Kotlin Multiplatform

  • Targets: JVM, macOS (Native), JS, WASM (Browser + WasmWasi)

  • Single codebase shared across all platforms via Kotlin Multiplatform

Optimized Execution

  • ComputeGraphExecutor: Optimized engine with fusion passes and trace-to-DAG bridging.

  • SDPA & Gather: High-performance Scaled Dot-Product Attention and indexing operations.

  • TurboQuant: Runtime KV-cache compression (~8x at 4-bit) for long-context LLM inference. Presets: safe-lowbit, balanced, experimental-max. See TurboQuantUsage for integration guide.

Agentic AI Infrastructure

  • ComputeGraph: Unified framework for defining agentic workflows and tool-calling loops.

  • Java facade: JavaAgentLoop (in skainet-lang-java)

Neural Network DSL

  • Sequential: nn { input(); dense(); relu(); dense() }

  • DAG / Graph: arbitrary wiring with dag { } for ResNet, YOLO-style architectures

  • Layers: Dense, Conv1d/2d/3d, MaxPool, AvgPool, BatchNorm, Dropout, LeakyReLU, ELU

  • KAN (Kolmogorov–Arnold Networks) layer (experimental)

  • Autograd engine with reverse-mode gradients, SGD and Adam/AdamW optimizers

Data and I/O

  • Built-in loaders: MNIST, Fashion-MNIST, CIFAR-10

  • Formats: GGUF, ONNX, SafeTensors, JSON, Image (JPEG, PNG)

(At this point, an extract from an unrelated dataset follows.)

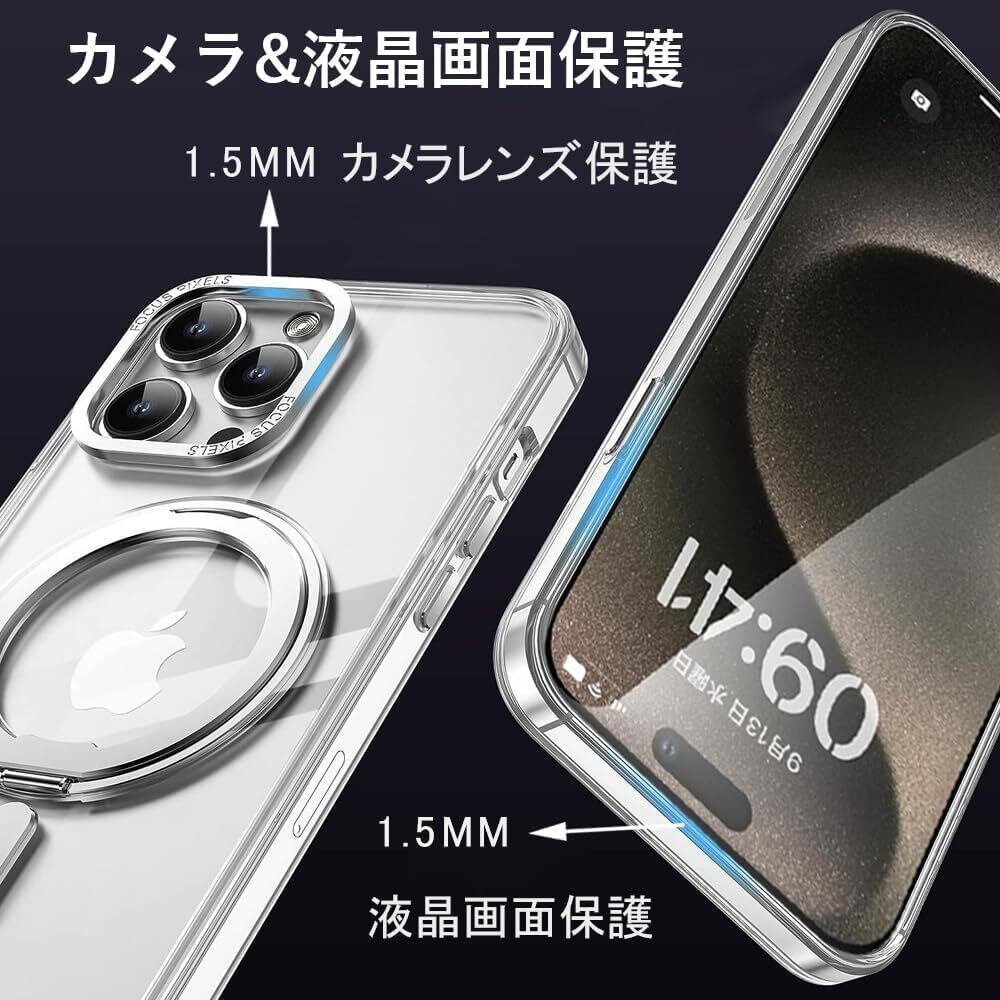 【数量限定】iPhone 15 Pro 適用 ケース MagSafe対応 隠し収納式 多機能一体スタンド アイフォン15プロ カバー OURJOY スマホケース マット感 半透明 米軍規格 耐衝撃 カメラレンズ保護 あいほん15 Pro ワイアレス充電 ストラップホール付き・クリア | impsmile

  • Type-safe transform DSL: resize, crop, normalize, toTensor

Java 21+ Support

  • SKaiNET entry point, TensorJavaOps, builder-pattern model definition

  • Maven BOM (sk.ainet:skainet-bom) for one-line version management

Edge AI: Arduino / C99 Export

  • Export trained models to standalone, optimized C99 with static memory allocation

  • Ready-to-use Arduino library output

Compiler: MLIR / StableHLO

  • Lower Kotlin DSL to MLIR StableHLO dialect

  • Optimization passes: constant folding, operation fusion, dead code elimination

  • Valid IREE-compilable output with streaming API and public HloGenerator

What's New in 0.19.0

  • Qwen / GPT-2 Byte-Level BPE Tokenizer — Full GPT-2-style pipeline (byte-to-unicode, pretokenization regex, merge-rank BPE, atomic special-token splitting). Builds from GGUF metadata or HuggingFace tokenizer.json; verified against Qwen2.5-0.5B reference token IDs.

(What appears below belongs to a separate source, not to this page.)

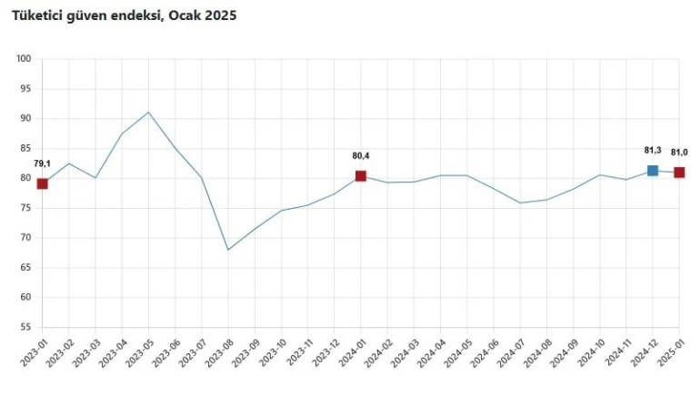 Türkiye İstatistik Kurumu (TÜİK) ocak ayı Tüketici Güven Endeksi verilerini açıklandı. Tüketici eğilim anketi sonuçlarına göre hesaplanan endeks, aralık ayında 81,3 seviyesindeyken, ocak ayında yüzde 0,4 düşerek 81,0 oldu.

  • LLaMA / SentencePiece Tokenizer — llama.cpp SPM pipeline with whitespace escape, score-priority BPE (SPM rule, opposite of GPT-2 merge-rank), and <0xNN> byte fallback. Builds from GGUF (tokenizer.ggml.model == "llama") and HuggingFace Unigram tokenizer.json.

  • TokenizerFactory Per-Architecture Dispatch — Tokenizer selection is now per-architecture, not per file format. Qwen/GPT-2 → byte-level BPE, LLaMA/Gemma/TinyLlama → SentencePiece, regardless of whether weights come from GGUF or SafeTensors.

  • Byte-Level BPE Fix for Qwen/GPT-2 — Previously these models encoded text into garbage tokens because GgufModelMetadata ignored tokenizer.ggml.merges entirely, blocking chat mode and tool calling. (#463)

  • LLaMA GGUF Tokenization FixTokenizerFactory previously threw UnsupportedTokenizerException for LLaMA-family GGUFs; the new SentencePiece path closes that gap. (#464)

  • GGUF UInt Field Fix — UINT32 fields (e.g. tokenizer.ggml.bos_token_id) are Kotlin UInt value classes, not subclasses of Number, and were silently dropped by as? Number casts. Fixed via a toIntFlexible helper that handles every signed and unsigned numeric type GGUF can produce.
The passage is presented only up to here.